**Your task:** Leaving the pictures aside, transcribe every line below exactly.

BEGIN Information provided

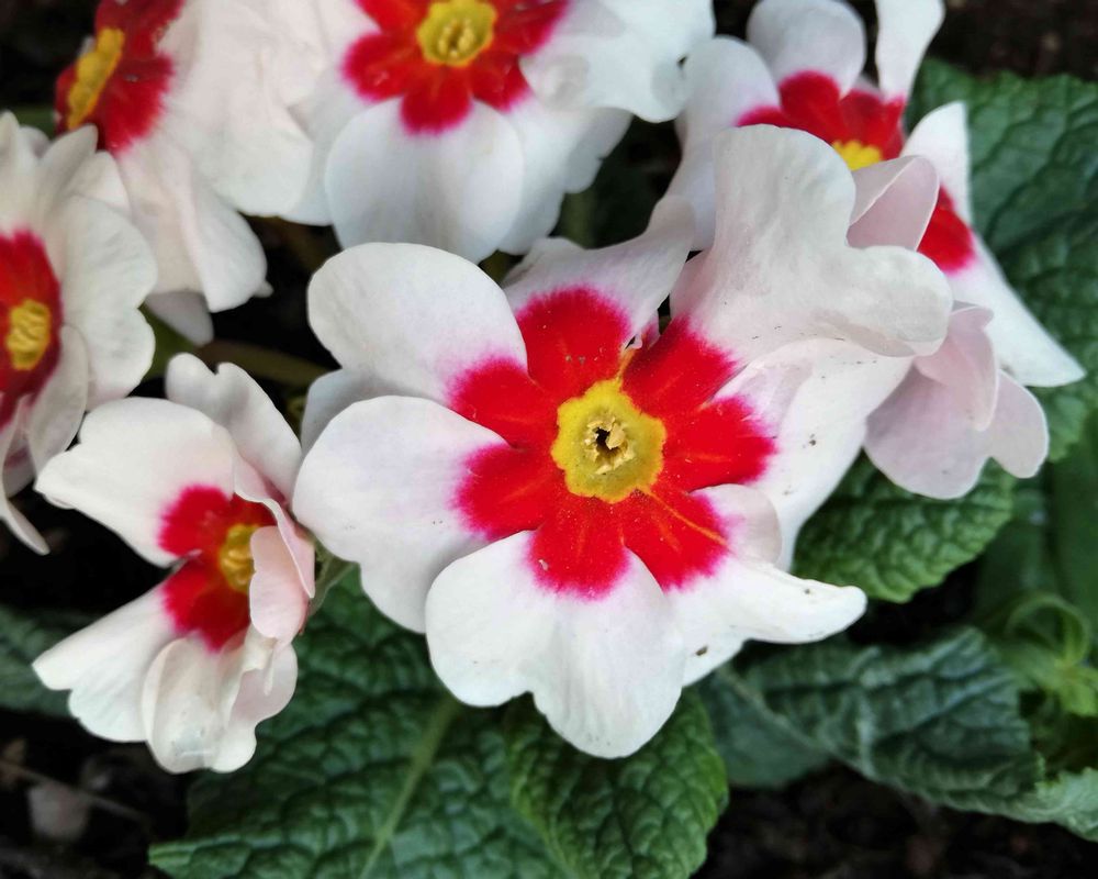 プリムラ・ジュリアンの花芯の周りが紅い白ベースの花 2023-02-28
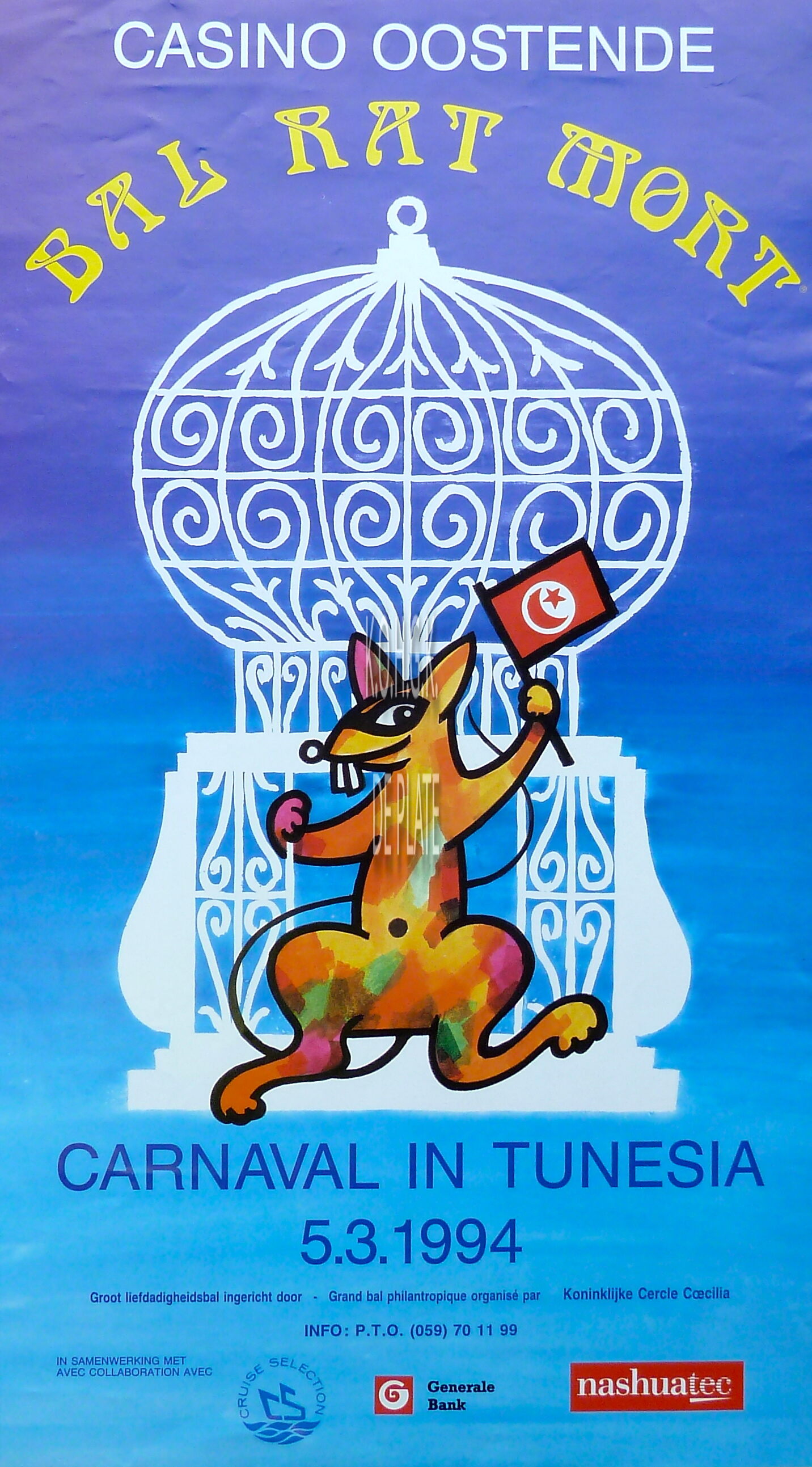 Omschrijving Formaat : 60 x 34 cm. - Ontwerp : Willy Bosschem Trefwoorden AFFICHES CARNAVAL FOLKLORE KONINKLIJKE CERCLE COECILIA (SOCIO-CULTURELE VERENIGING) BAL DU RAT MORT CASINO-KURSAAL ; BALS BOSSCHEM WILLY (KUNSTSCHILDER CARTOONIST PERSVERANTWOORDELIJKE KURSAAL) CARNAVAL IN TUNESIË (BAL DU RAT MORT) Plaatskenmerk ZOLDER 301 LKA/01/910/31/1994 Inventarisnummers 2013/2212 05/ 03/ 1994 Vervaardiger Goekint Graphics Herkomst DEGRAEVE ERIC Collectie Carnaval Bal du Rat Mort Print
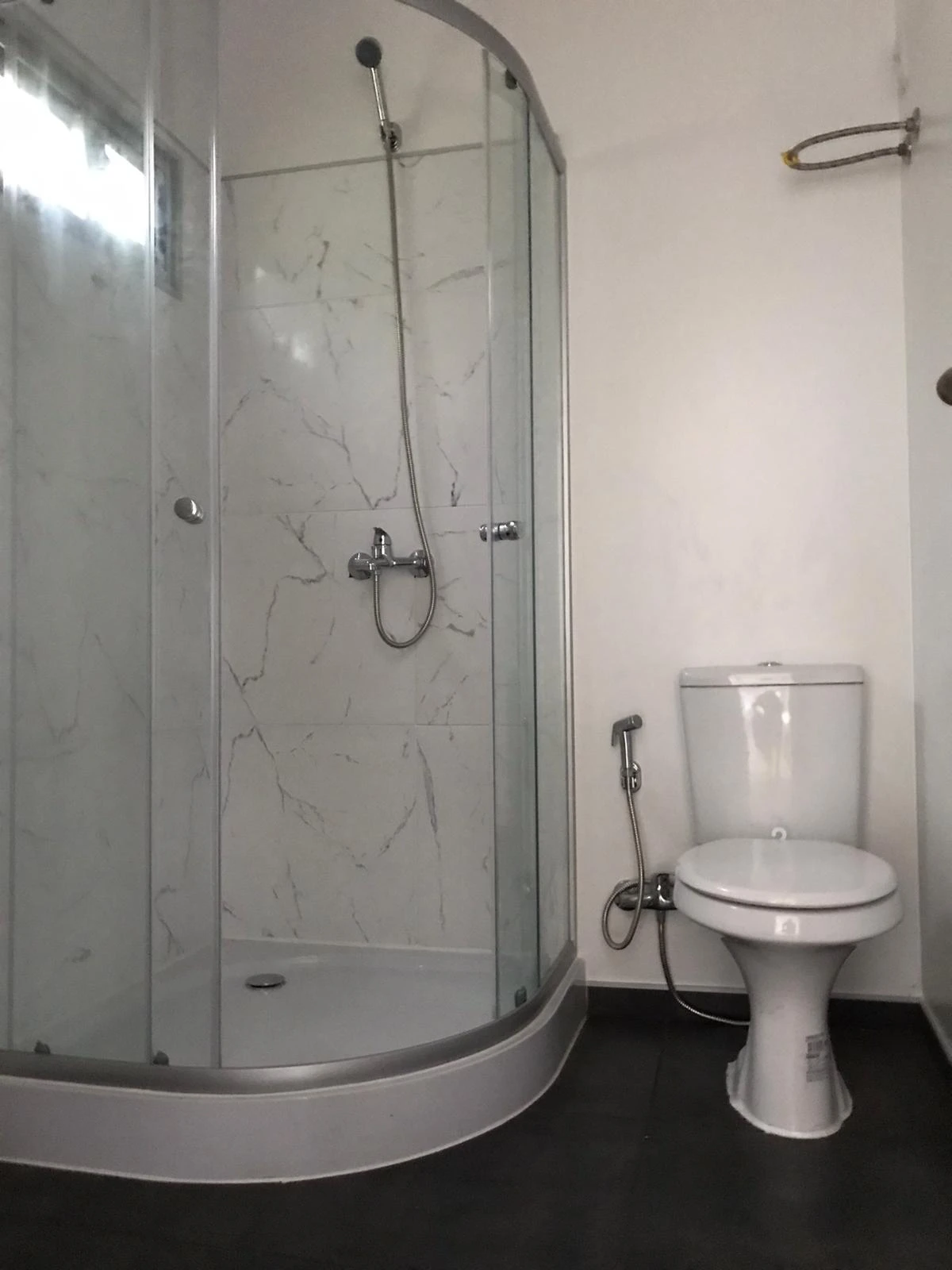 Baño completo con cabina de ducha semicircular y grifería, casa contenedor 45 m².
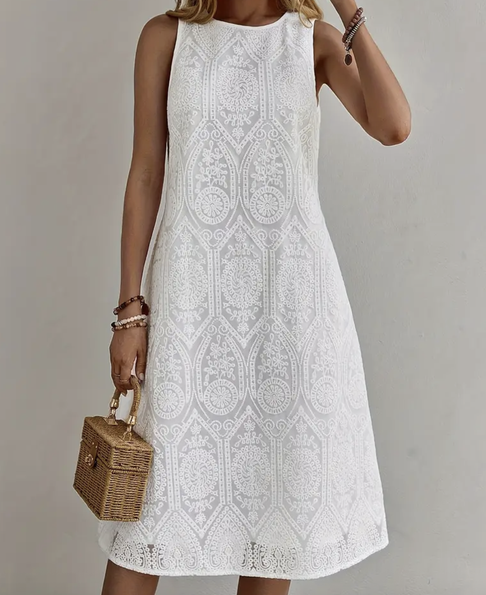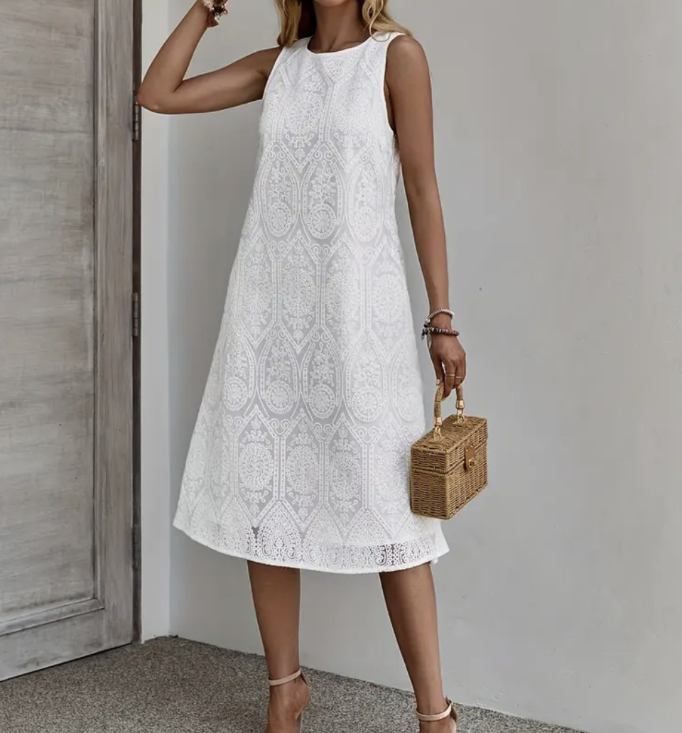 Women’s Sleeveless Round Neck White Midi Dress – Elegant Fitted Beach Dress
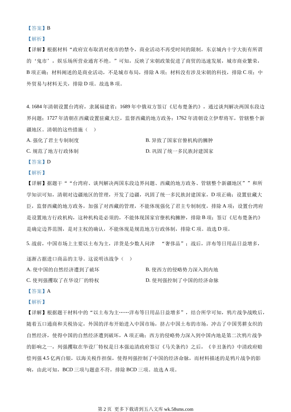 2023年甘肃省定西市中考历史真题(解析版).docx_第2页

END Information provided

**Written response:**
 プリムラ・ジュリアンの花芯の周りが紅い白ベースの花 2023-02-28
 Omschrijving Formaat : 60 x 34 cm. - Ontwerp : Willy Bosschem Trefwoorden AFFICHES CARNAVAL FOLKLORE KONINKLIJKE CERCLE COECILIA (SOCIO-CULTURELE VERENIGING) BAL DU RAT MORT CASINO-KURSAAL ; BALS BOSSCHEM WILLY (KUNSTSCHILDER CARTOONIST PERSVERANTWOORDELIJKE KURSAAL) CARNAVAL IN TUNESIË (BAL DU RAT MORT) Plaatskenmerk ZOLDER 301 LKA/01/910/31/1994 Inventarisnummers 2013/2212 05/ 03/ 1994 Vervaardiger Goekint Graphics Herkomst DEGRAEVE ERIC Collectie Carnaval Bal du Rat Mort Print
 Baño completo con cabina de ducha semicircular y grifería, casa contenedor 45 m².
 Women’s Sleeveless Round Neck White Midi Dress – Elegant Fitted Beach Dress
 2023年甘肃省定西市中考历史真题(解析版).docx_第2页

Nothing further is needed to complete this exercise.